[Your goal] Please find the line that holds "Proceso de aplicación" below and reproduce it, along with every line after it through the end, exactly and without pictures.

[Recorded information]
>>>>>

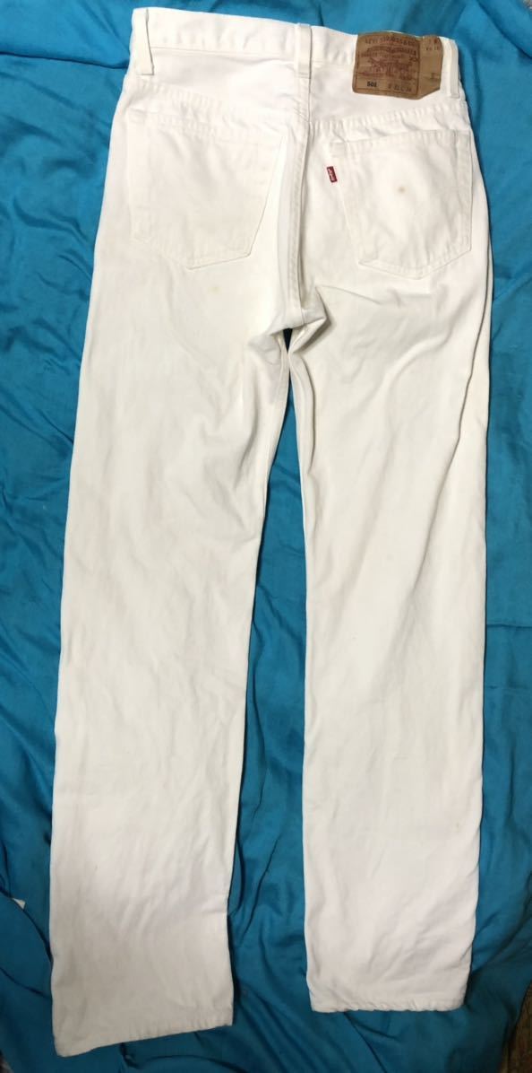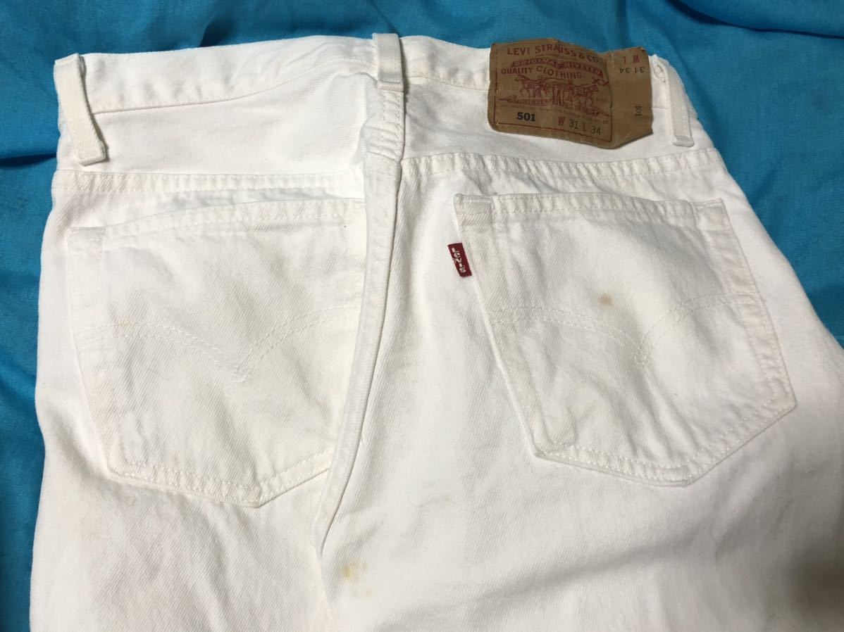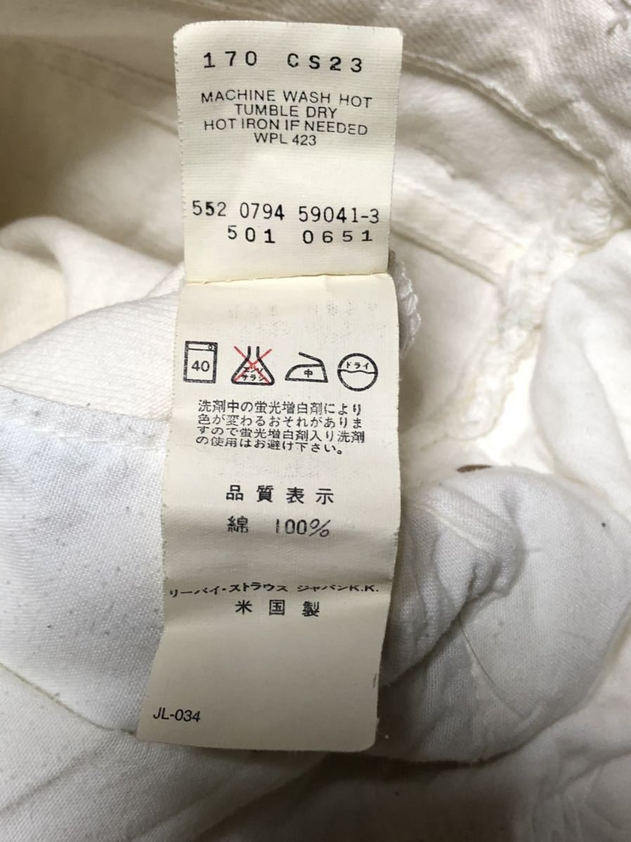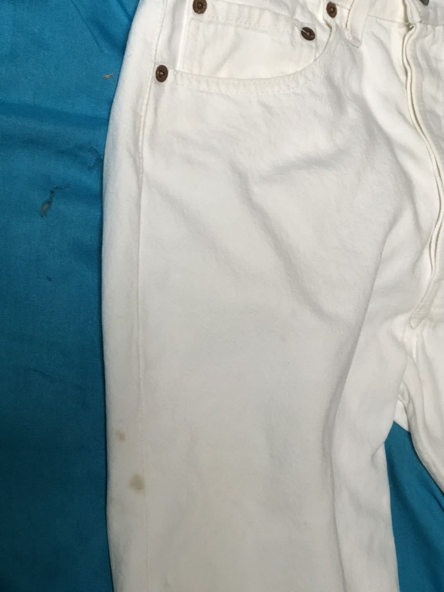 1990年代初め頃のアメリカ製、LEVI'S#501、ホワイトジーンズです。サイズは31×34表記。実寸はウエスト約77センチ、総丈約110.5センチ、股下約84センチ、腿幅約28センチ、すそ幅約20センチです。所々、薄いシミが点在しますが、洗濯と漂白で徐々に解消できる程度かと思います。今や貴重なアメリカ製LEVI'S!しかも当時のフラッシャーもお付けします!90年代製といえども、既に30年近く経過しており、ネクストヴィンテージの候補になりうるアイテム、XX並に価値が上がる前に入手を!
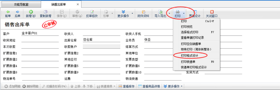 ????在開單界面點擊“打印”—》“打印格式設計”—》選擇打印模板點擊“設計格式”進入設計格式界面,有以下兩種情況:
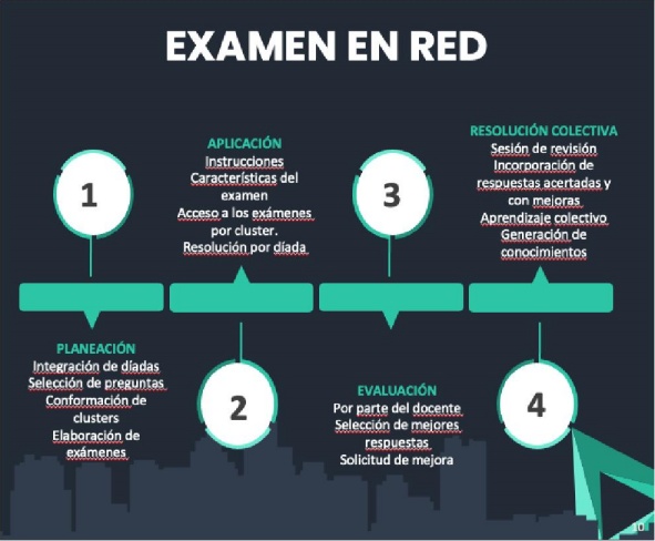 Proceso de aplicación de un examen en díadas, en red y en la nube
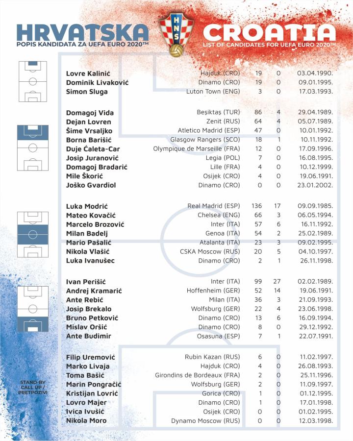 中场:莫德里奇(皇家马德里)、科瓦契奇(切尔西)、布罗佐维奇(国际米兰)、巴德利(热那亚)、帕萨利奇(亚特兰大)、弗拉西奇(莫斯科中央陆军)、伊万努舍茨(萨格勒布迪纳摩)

<<<<<

[Solution to the exercise]
 Proceso de aplicación de un examen en díadas, en red y en la nube
 中场:莫德里奇(皇家马德里)、科瓦契奇(切尔西)、布罗佐维奇(国际米兰)、巴德利(热那亚)、帕萨利奇(亚特兰大)、弗拉西奇(莫斯科中央陆军)、伊万努舍茨(萨格勒布迪纳摩)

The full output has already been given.